Functions are not subscriptable. Therefore, you cannot use square syntax to access the items in a function or to call a function, and functions can only return a subscriptable object if we call them.

The error “TypeError: ‘function’ object is not subscriptable” occurs when you try to access a function as if it were a subscriptable object. There are two common mistakes made in code that can raise this error.

  • Calling a function using square brackets
  • Assigning a function the same name as a subscriptable object

Example #1: Calling a Function Using Square Brackets

You can call a function using parentheses after the function name, and indexing uses square brackets after the list, tuple, or string name. If we put the indexing syntax after a function name, the Python interpreter will try to perform the indexing operation on the function. Function objects do not support the indexing operation, and therefore the interpreter will throw the error.

Let’s look at an example of creating a function that takes two integers as arguments and raises the first integer to the power of the second integer using the exponentiation operator **. First, you define the exponent function, then define two integer values to pass to the function. Then you will print the result of the exponent function.

# Exponent function

def exponent(a, b):

    return a ** b

a = 4

b = 3

print(f'{a} raised to the power of {b} is: {exponent[a, b]}')
---------------------------------------------------------------------------
TypeError                                 Traceback (most recent call last)
Input In [2], in <cell line: 11>()
      7 a = 4
      9 b = 3
---> 11 print(f'{a} raised to the power of {b} is: {exponent[a, b]}')

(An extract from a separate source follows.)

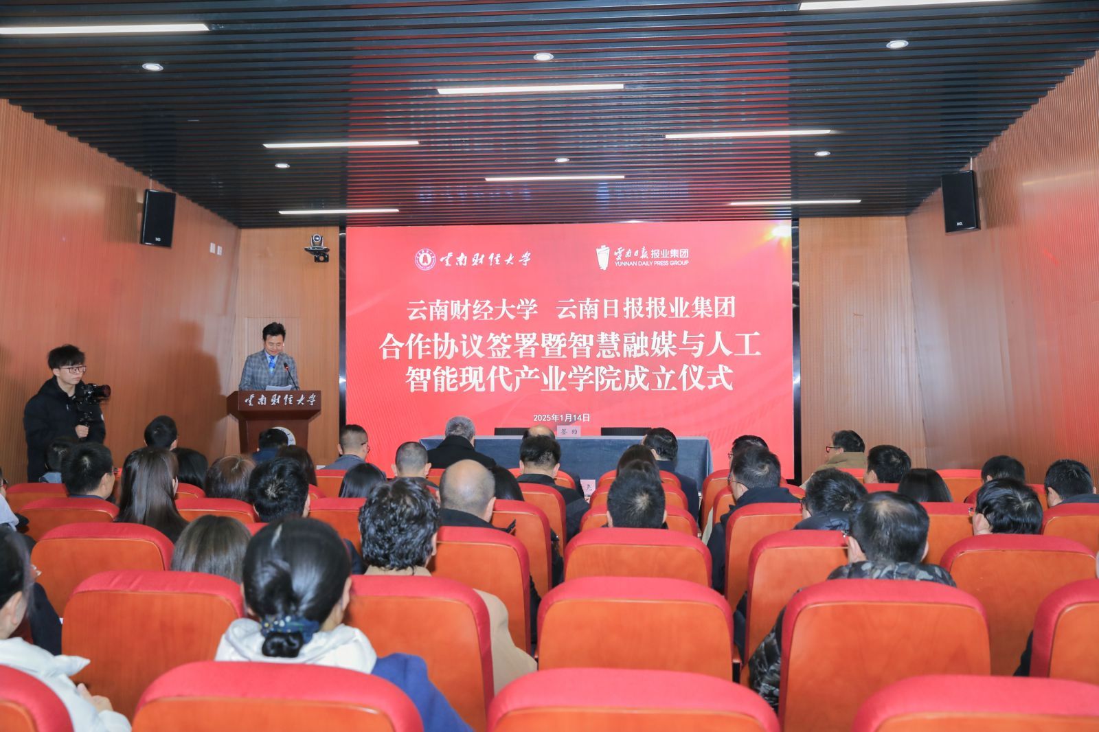 王敏首先代表beat365英国官方网站对云南日报报业集团一直以来给予学校工作的大力支持表示感谢,向云南网与传媒与设计艺术学院共建的智慧融媒与人工智能现代产业学院成立表示祝贺。他指出,此次合作积极响应了创新型云南建设和服务地方产业发展的号召,是双方协同育人、产教融合的创新方式,学校将充分挖掘产业学院的潜力,以人工智能赋能高等教育变革,全力培育兼具创新思维与实践技能的高素质人才,加速催生新质生产力。王敏强调,期待双方携手并肩,以更加坚定的步伐和更加有力的举措推进开展国际传播合作,共同讲好中国财经故事。

TypeError: 'function' object is not subscriptable

The code did not run because you tried to call the exponent function using square brackets.

Solution

You need to replace the square brackets after the exponent name with parentheses to solve the problem.

# Exponent function

def exponent(a, b):

    return a ** b

a = 4

b = 3

print(f'{a} raised to the power of {b} is: {exponent(a, b)}')
4 raised to the power of 3 is: 64

The code runs successfully with the correct syntax to call a function in place.

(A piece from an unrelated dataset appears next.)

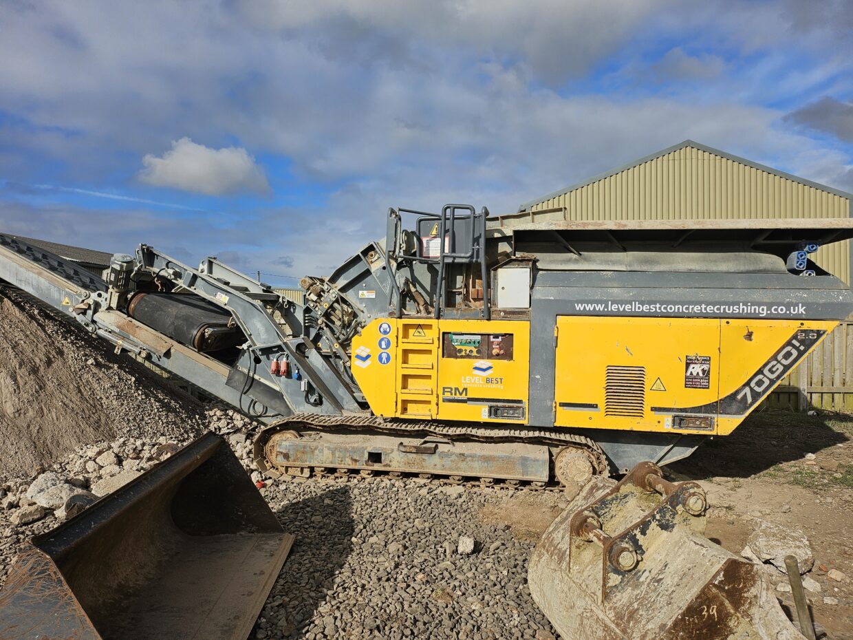 Mobile concrete crushing machine at Level Best Concrete Flooring

Example #2: Function has the Same Name as a Subscriptable object

You may encounter this TypeError if you define a subscriptable object with the same name as a function. Let’s look at an example where we define a dictionary containing information about the fundamental physical particle, the muon.

particle = {

   "name":"Muon",

   "charge":-1,

   "spin":1/2,

   "mass":105.7

}

Next, we are going to define a function that prints out the values of the dictionary to the console:

def particle(p):
   
   print(f'Particle Name: {p["name"]}')
   
   print(f'Particle Charge: {p["charge"]}')
   
   print(f'Particle Spin: {p["spin"]}')
   
   print(f'Particle Mass: {p["mass"]}')

Next, we will call the particle function and pass the particle dictionary as a parameter:

particle(particle)
---------------------------------------------------------------------------
TypeError                                 Traceback (most recent call last)
Input In [5], in <cell line: 1>()
----> 1 particle(particle)

Input In [4], in particle(p)
      1 def particle(p):
----> 3    print(f'Particle Name: {p["name"]}')
      5    print(f'Particle Charge: {p["charge"]}')
      7    print(f'Particle Spin: {p["spin"]}')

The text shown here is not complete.